### PROBLEM
Restate all the data word for word and omit the pictures.

### SUPPLIED DATA
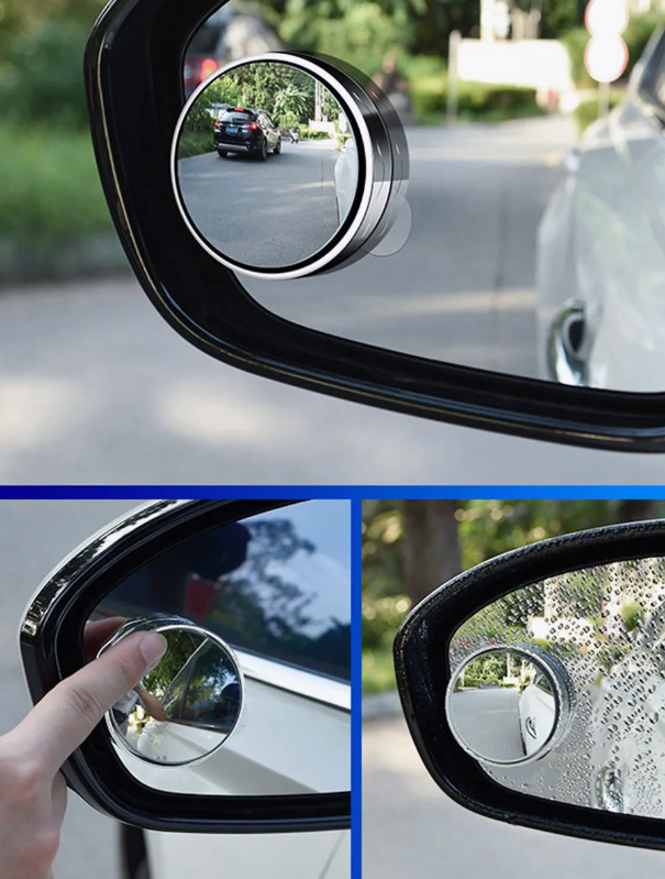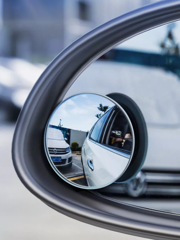 Ці круглі панорамні дзеркала легко кріпляться до бокових дзеркал автомобіля за допомогою клейкої основи.
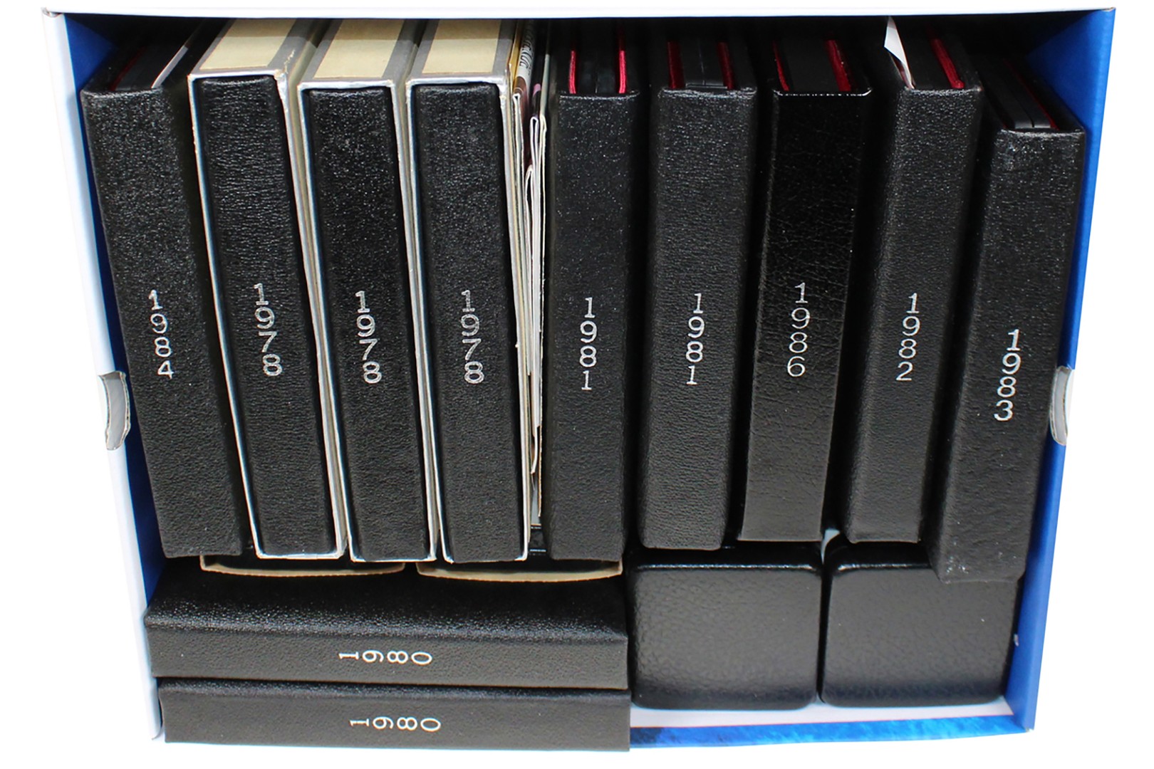 Doos Canada: prestigesets 1978-1984 (11) en zilv. Herdenkingsdollars (11). Alles in orig. verp.
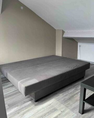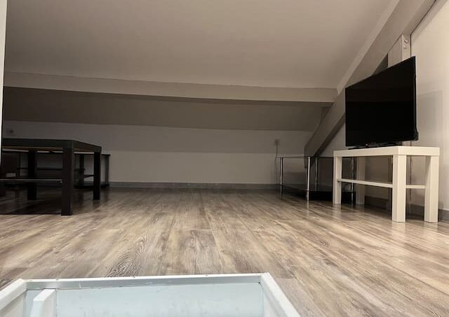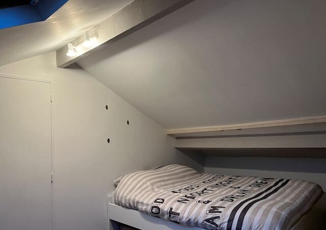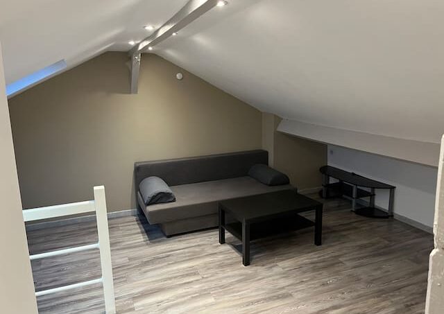 En montant les escaliers on tombe sur une chambre/salon avec un canapé clic clac (185/135), télé et petite table basse, et au fond une deuxième chambre avec un lit 2 places (140/190), de plus un matelas 2 places en dessous du lit.

### TASK OUTPUT
 Ці круглі панорамні дзеркала легко кріпляться до бокових дзеркал автомобіля за допомогою клейкої основи.
 Doos Canada: prestigesets 1978-1984 (11) en zilv. Herdenkingsdollars (11). Alles in orig. verp.
 En montant les escaliers on tombe sur une chambre/salon avec un canapé clic clac (185/135), télé et petite table basse, et au fond une deuxième chambre avec un lit 2 places (140/190), de plus un matelas 2 places en dessous du lit.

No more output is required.